## Exercise brief
What needs transcribing is the line with "虽说没亲眼见着天字乙号房中被" and every line after it to the end of the records, exactly and alone, with no pictures.

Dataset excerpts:
----------------
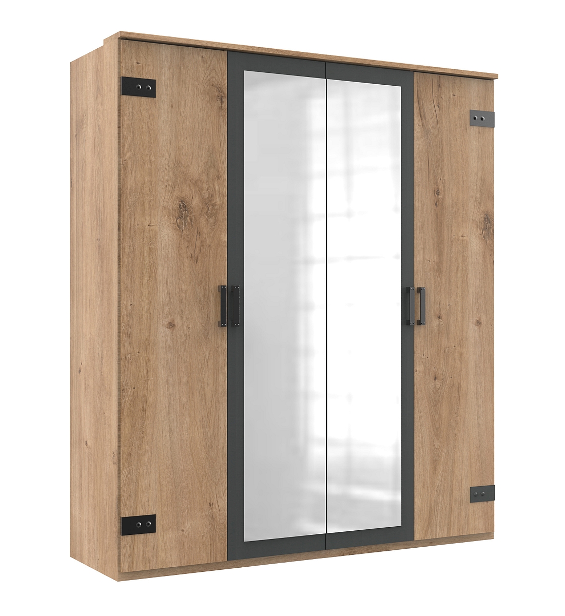 1 Drehtürenschrank, 4-türig ( mittig 2 Türen mit Spiegel), 2 Fachböden und 2 Kleiderstangen
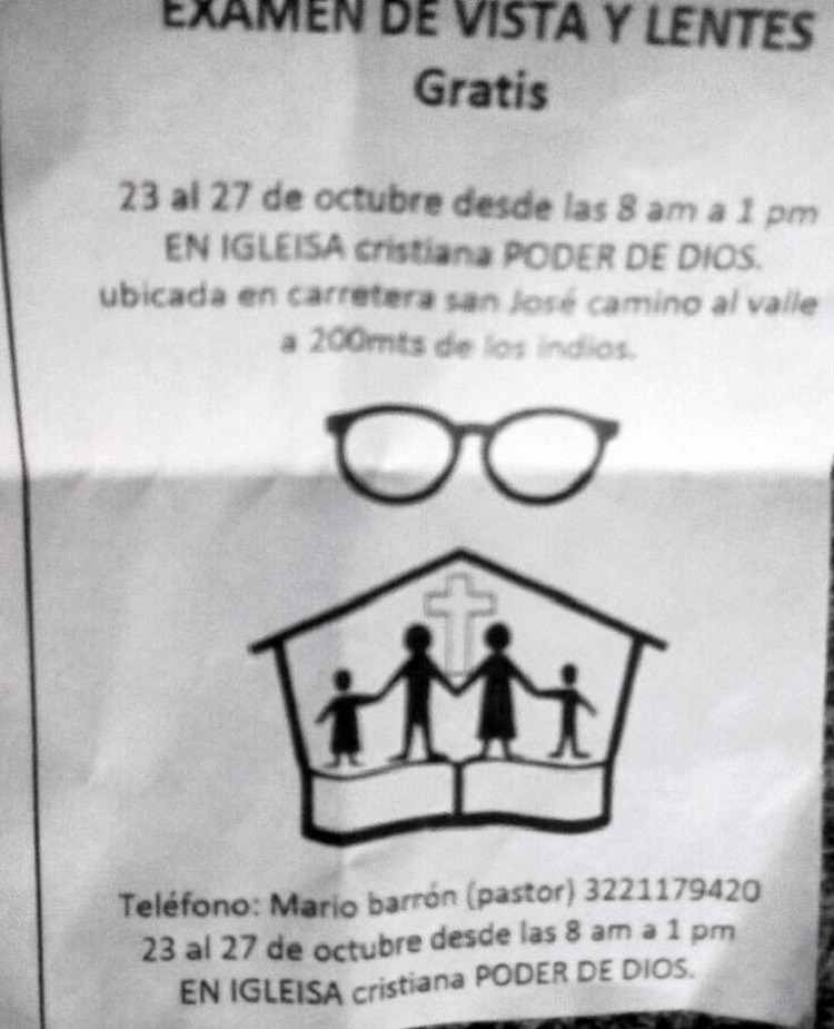 *Desde hace 5 años, especialistas de los ojos de EU, ofrecen servicio social de manera gratuita a través de la Iglesia Cristiana Poder de Dios. Serán los días 23 al 27 de octubre 2017, de 8 de la mañana a la una de la tarde. Son oftalmólogos que también detectan y diagnostican enfermedades. Adultos de la tercera edad y niños, se les invita de manera especial, pero el servicio es para quien asista
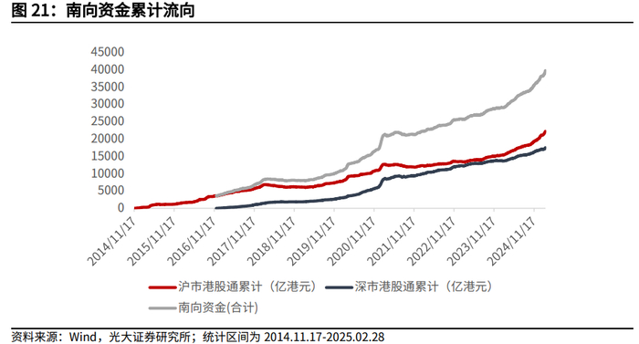 本周港股通交易区间为2025年2月24日-2025年2月28日,南向资金净流入749.67亿港元,其中沪市港股通净流入413.34亿港元,深市港股通净流入336.33亿港元。
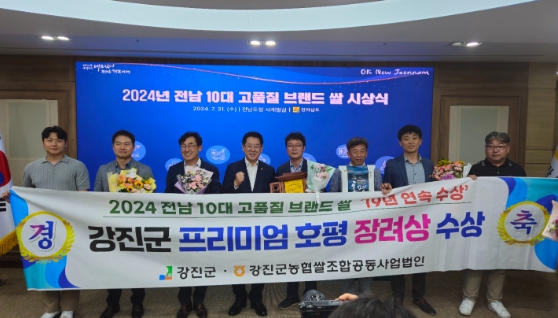 [뉴스서울] 강진군은 전라남도가 주관하는 ‘2024년 전남 10대 고품질 브랜드 쌀' 시상식에서 강진군 ‘프리미엄 호평’이 장려상을 수상하고 1,000만원의 인센티브 사업비를 확보했다고 밝혔다.
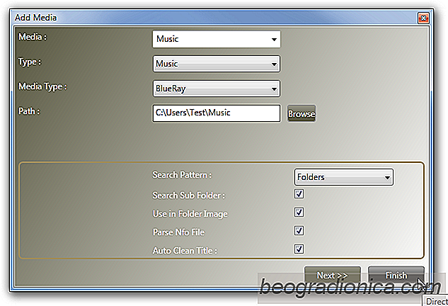 Para agregar medios a la aplicación, haga clic en Acción en la esquina superior izquierda y seleccione Agregar> Agregar medios . En la ventana Agregar Medios , ingrese el nombre Medios , seleccione Escriba e ingrese la Ruta de su colección. Defina Patrón de búsqueda y haga clic en Finalizar una vez que haya terminado.
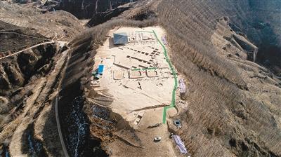 11月24日,延安蘆山峁遺址考古現(xiàn)場航拍圖。
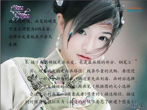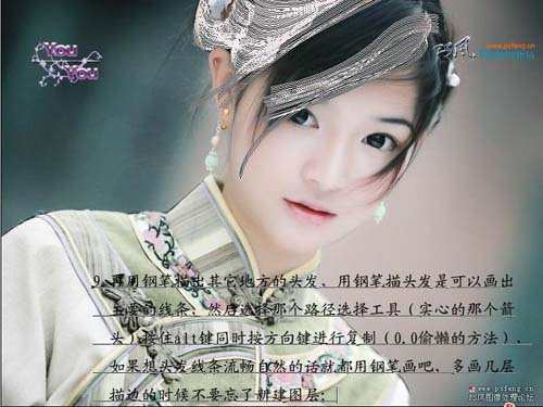 9、再用钢笔描出其它地方的头发,用钢笔描出路径,然后按住Ctrl Alt复制,多画几层描边的时候不要忘记新建图层。
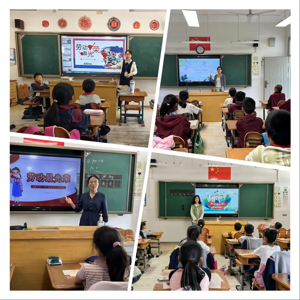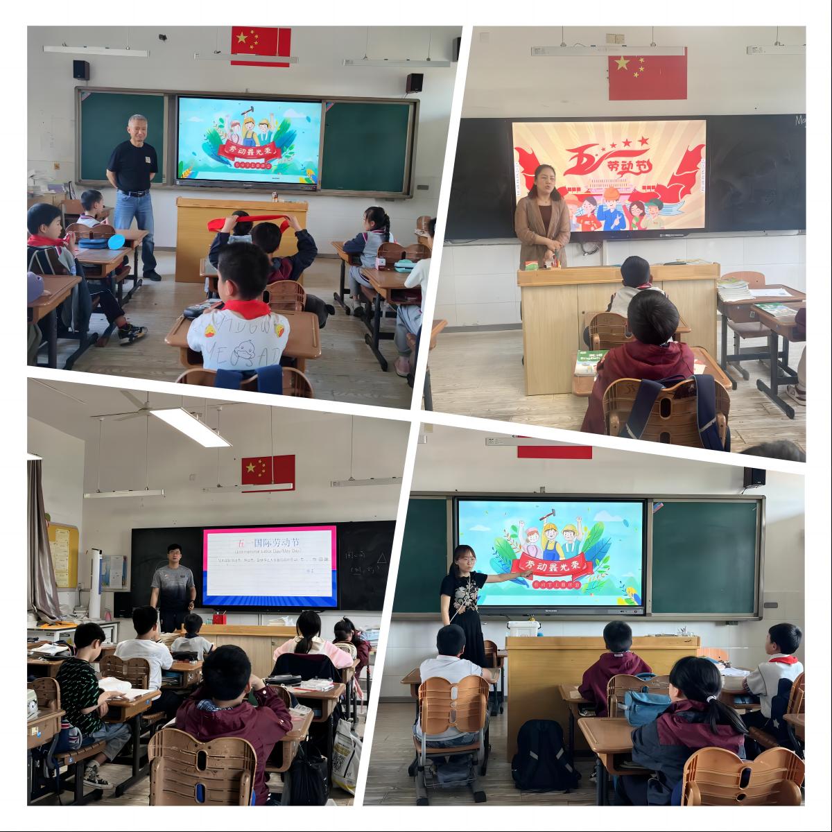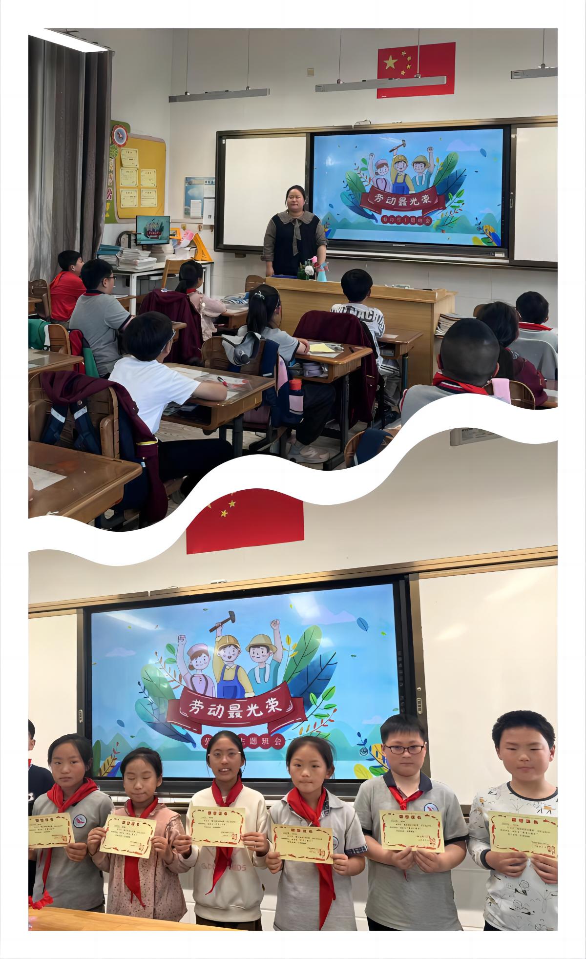 我校各班级积极开展以“我劳动 我光荣”为主题的主题班会,在班会课上,老师们组织学生学习习近平总书记关于劳动的重要论述、新时代劳动教育、新时代劳模精神等内容,让学生全面了解劳动,感知劳动。通过讲述劳动模范故事,号召孩子们向劳动模范学习,从小做一个爱劳动的好孩子。
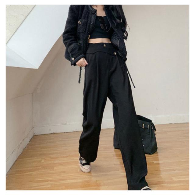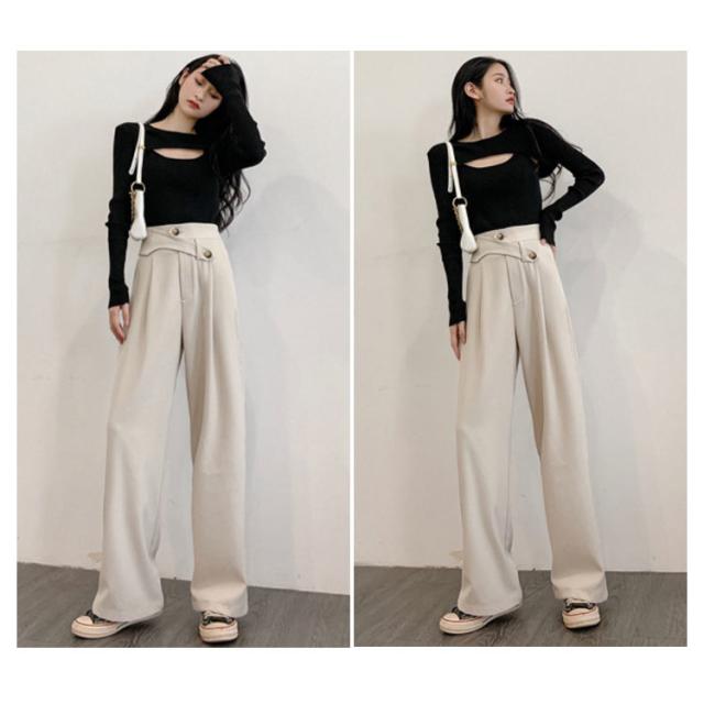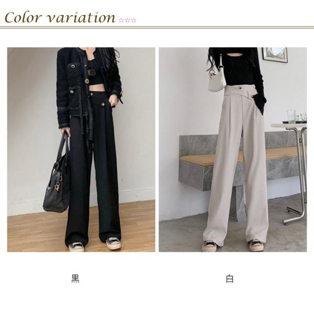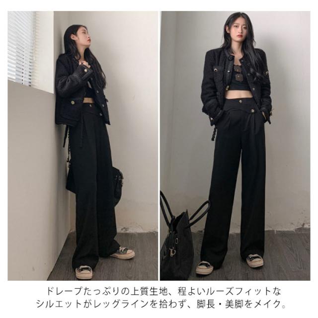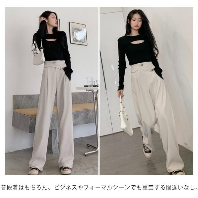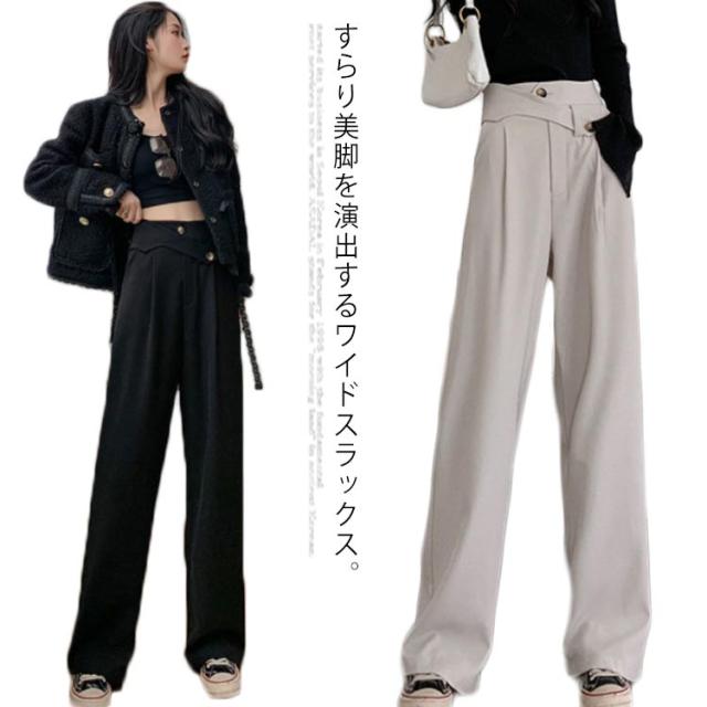 ワイドスラックス レディース ドレープたっぷりで高級感 スラックス ロングパンツ ガウチョパンツ ハイウエスト 春秋 服 無地 体型カバー 着痩せ ストレート
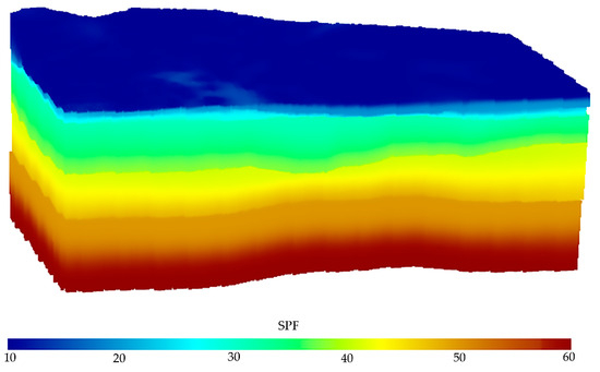 When a property filled exhibits linear characteristics, these linear characteristics can also be incorporated into the RBF interpolant [37,38]. Inspired by this, when interpolating the properties of the strata, especially when the number of sampling points is limited, we can introduce an SPF model, which reflects the depositional order of the strata, as an ancillary variable to enhance the property interpolation. This approach helps control the overall strata-bound trend of the properties, thereby improving the validity of the interpolation results.
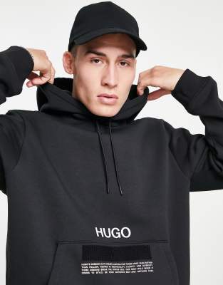 HUGO Devertree text logo overhead hoodie in black Very well made.
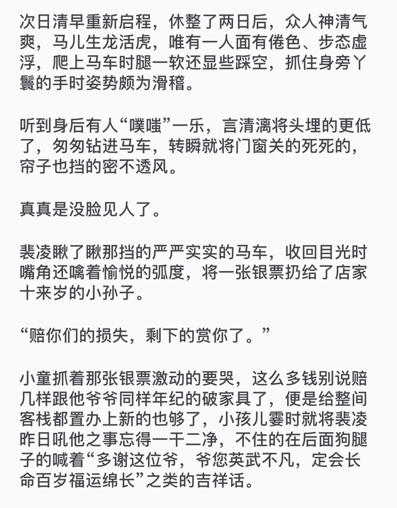 虽说没亲眼见着天字乙号房中被凄惨折腾了大半宿的姑娘是谁,但这客栈里统共就两名女子,况裴小爷之前还冒死闯毒谷救人,用脚指tou想也知他房里那位是言女史,难怪言女史今晨是由丫鬟扶着下楼的。
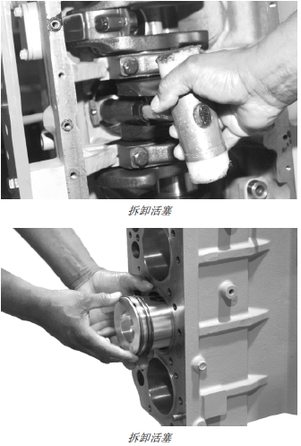 重要提示: 握住活塞,以防活塞掉落?;钊h(huán)脫離汽缸套后,活塞便會(huì )掉落。如果重復使用汽缸套,拆卸活塞和連桿總成時(shí)一定要格外小心,不要讓連桿撞擊汽缸套孔。
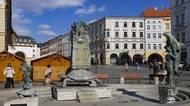 Dolní náměstí, vzadu Mariánský sloup, v popředí Neptunova kašna
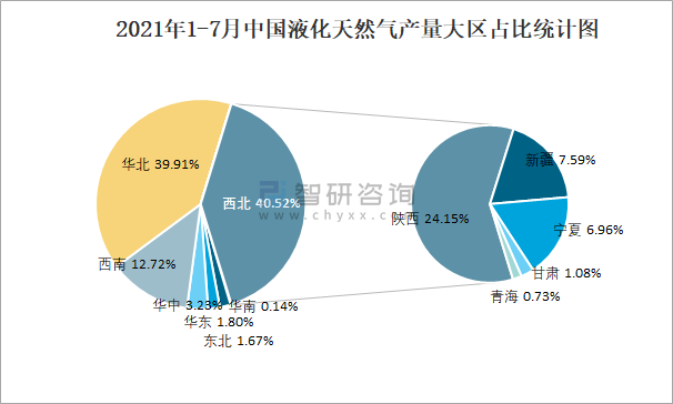 2021年1-7月中國液化天然氣產量大區占比統計圖
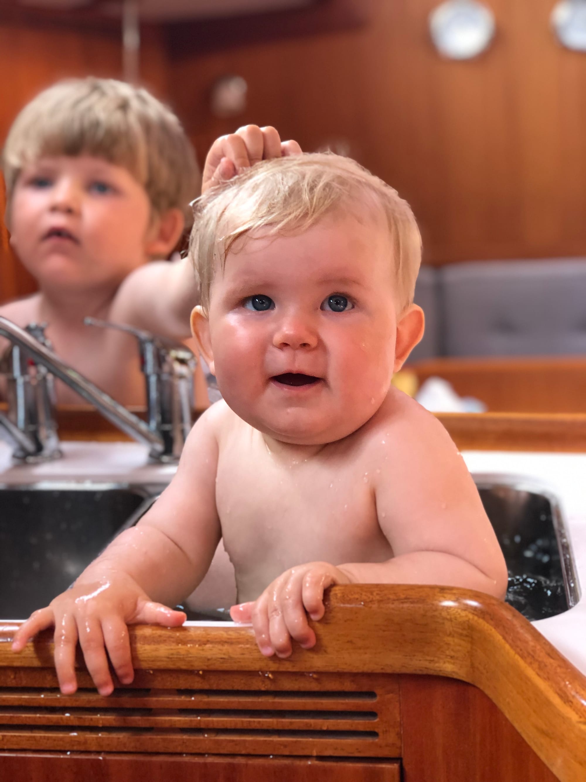Bea fick som alla tidigare barnbarn då de innehaft lämplig storlek bada i diskhon (inte Leo tyvärr för han var lite för stor vid premiären). Det uppskattades ????????♀️
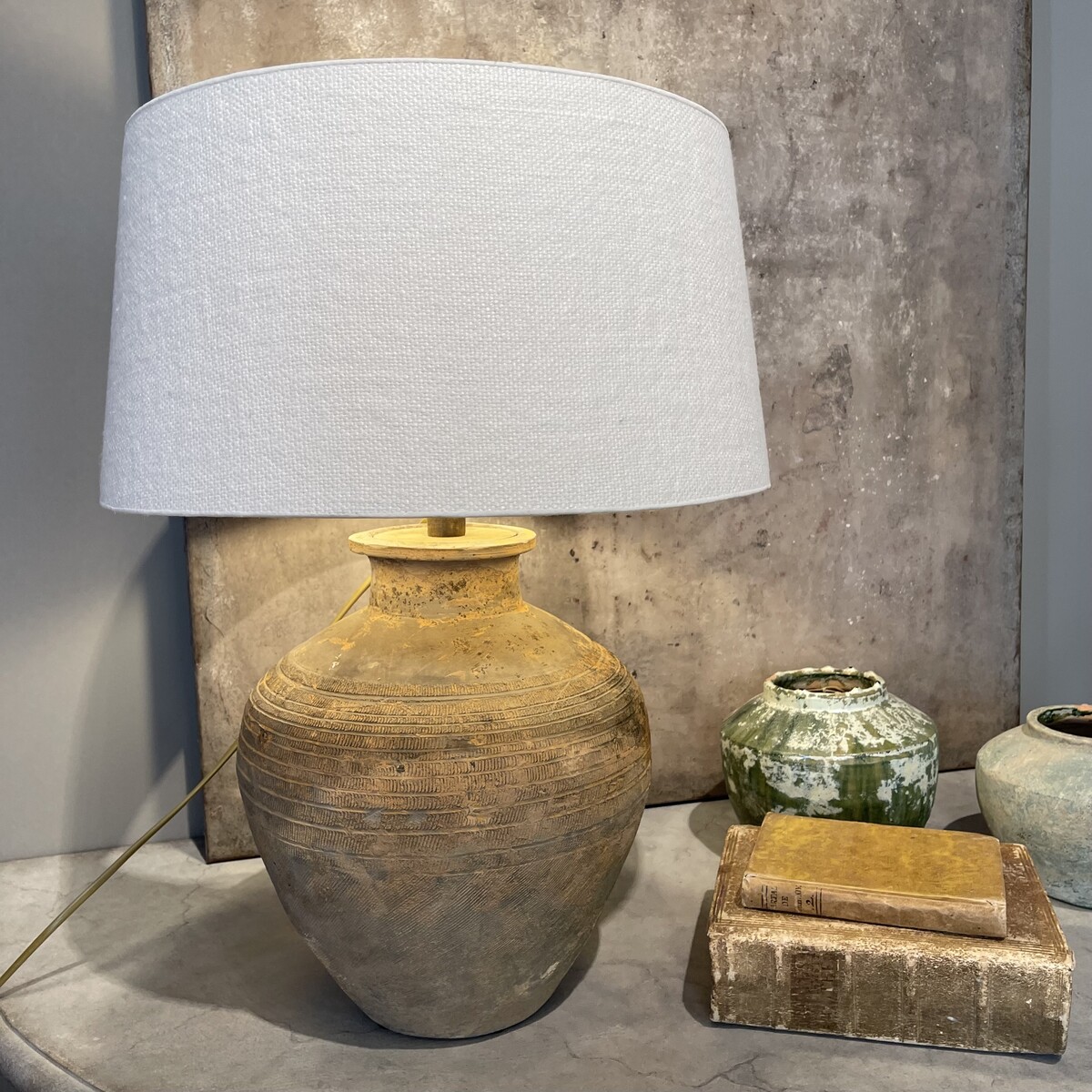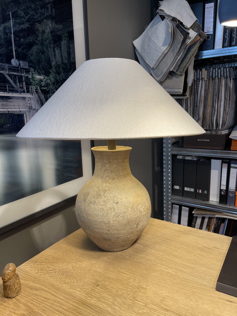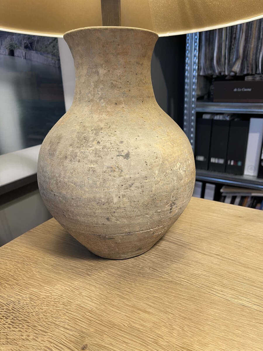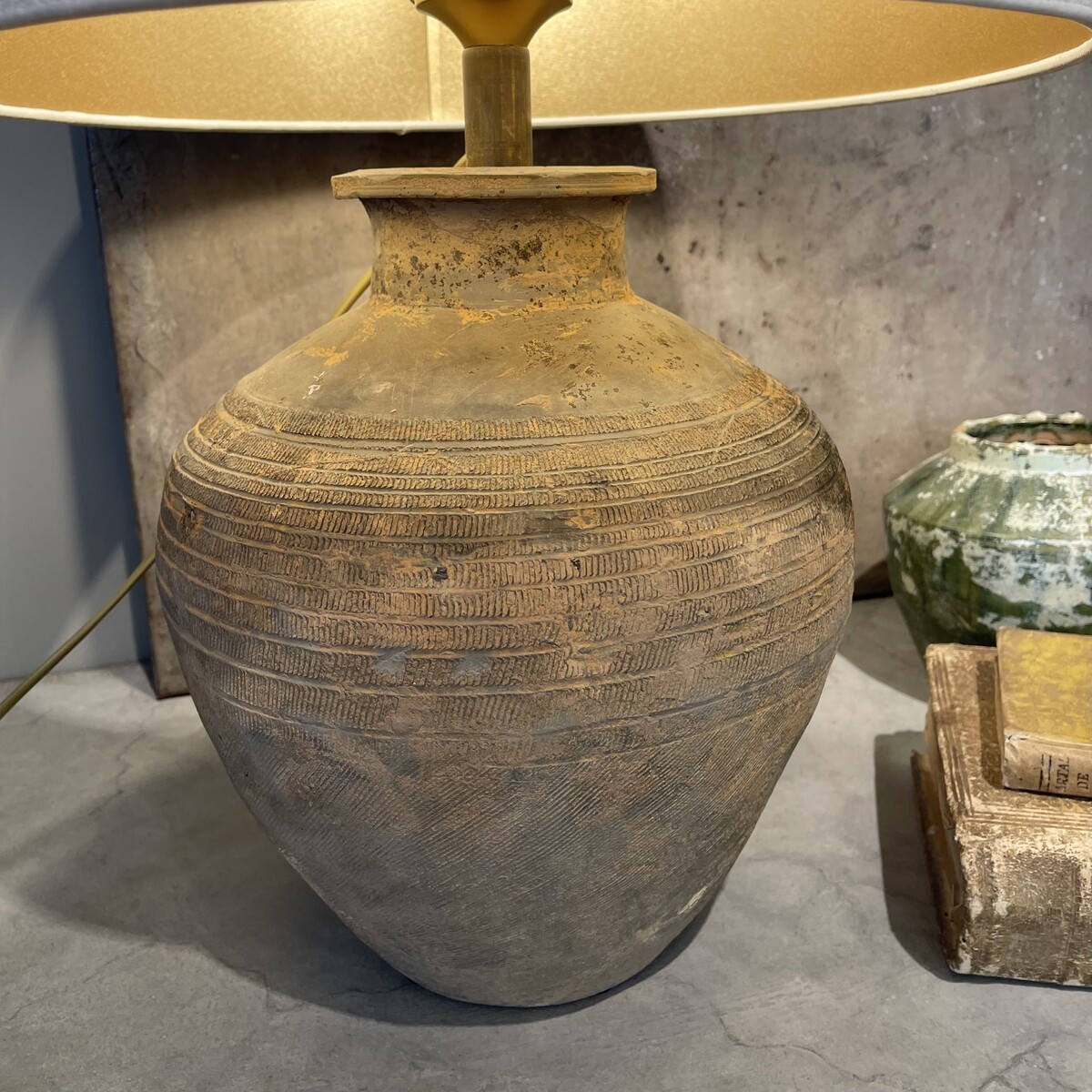 große Reistopf-Lampe mit oliv-brauner Glasur
----------------
## Response to this task
 虽说没亲眼见着天字乙号房中被凄惨折腾了大半宿的姑娘是谁,但这客栈里统共就两名女子,况裴小爷之前还冒死闯毒谷救人,用脚指tou想也知他房里那位是言女史,难怪言女史今晨是由丫鬟扶着下楼的。
 重要提示: 握住活塞,以防活塞掉落?;钊h(huán)脫離汽缸套后,活塞便會(huì )掉落。如果重復使用汽缸套,拆卸活塞和連桿總成時(shí)一定要格外小心,不要讓連桿撞擊汽缸套孔。
 Dolní náměstí, vzadu Mariánský sloup, v popředí Neptunova kašna
 2021年1-7月中國液化天然氣產量大區占比統計圖
Bea fick som alla tidigare barnbarn då de innehaft lämplig storlek bada i diskhon (inte Leo tyvärr för han var lite för stor vid premiären). Det uppskattades ????????♀️
 große Reistopf-Lampe mit oliv-brauner Glasur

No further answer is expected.